_Task goal_: Please return the full listing exactly as written, with the images removed.

_Input data_:
----

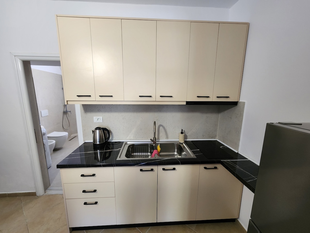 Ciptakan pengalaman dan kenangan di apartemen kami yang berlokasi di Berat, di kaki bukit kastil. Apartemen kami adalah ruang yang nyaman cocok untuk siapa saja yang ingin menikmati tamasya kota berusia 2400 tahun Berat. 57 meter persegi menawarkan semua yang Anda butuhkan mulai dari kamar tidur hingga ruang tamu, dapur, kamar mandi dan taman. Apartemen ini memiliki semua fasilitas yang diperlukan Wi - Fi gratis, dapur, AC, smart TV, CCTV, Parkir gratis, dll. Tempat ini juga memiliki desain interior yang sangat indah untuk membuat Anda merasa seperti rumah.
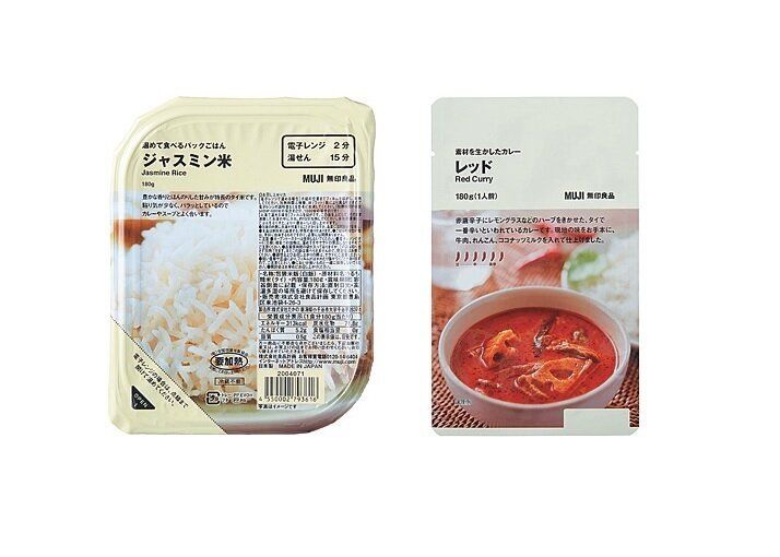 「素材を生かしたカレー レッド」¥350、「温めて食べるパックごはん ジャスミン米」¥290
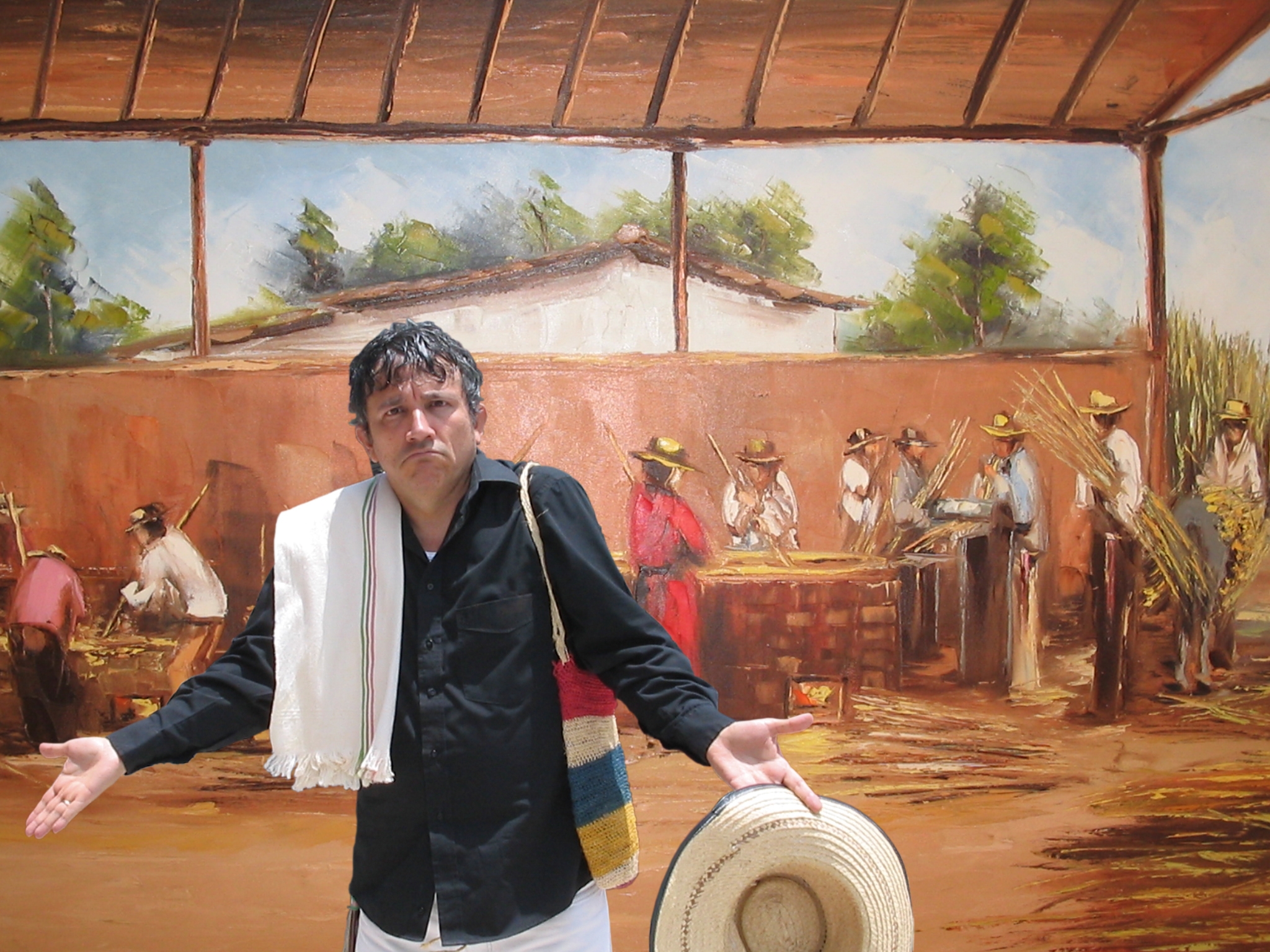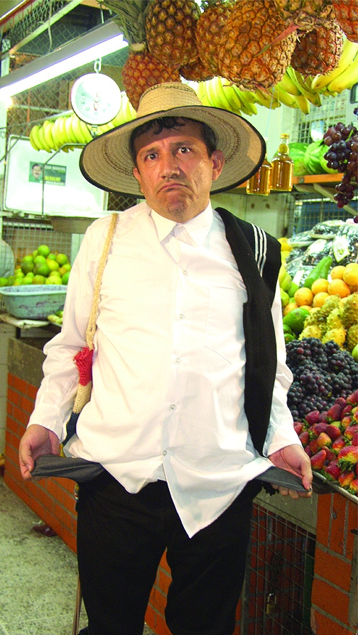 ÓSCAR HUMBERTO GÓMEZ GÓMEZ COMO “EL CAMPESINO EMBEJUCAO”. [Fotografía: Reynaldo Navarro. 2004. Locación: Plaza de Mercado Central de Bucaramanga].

----

_Completed task_:
 Ciptakan pengalaman dan kenangan di apartemen kami yang berlokasi di Berat, di kaki bukit kastil. Apartemen kami adalah ruang yang nyaman cocok untuk siapa saja yang ingin menikmati tamasya kota berusia 2400 tahun Berat. 57 meter persegi menawarkan semua yang Anda butuhkan mulai dari kamar tidur hingga ruang tamu, dapur, kamar mandi dan taman. Apartemen ini memiliki semua fasilitas yang diperlukan Wi - Fi gratis, dapur, AC, smart TV, CCTV, Parkir gratis, dll. Tempat ini juga memiliki desain interior yang sangat indah untuk membuat Anda merasa seperti rumah.
 「素材を生かしたカレー レッド」¥350、「温めて食べるパックごはん ジャスミン米」¥290
 ÓSCAR HUMBERTO GÓMEZ GÓMEZ COMO “EL CAMPESINO EMBEJUCAO”. [Fotografía: Reynaldo Navarro. 2004. Locación: Plaza de Mercado Central de Bucaramanga].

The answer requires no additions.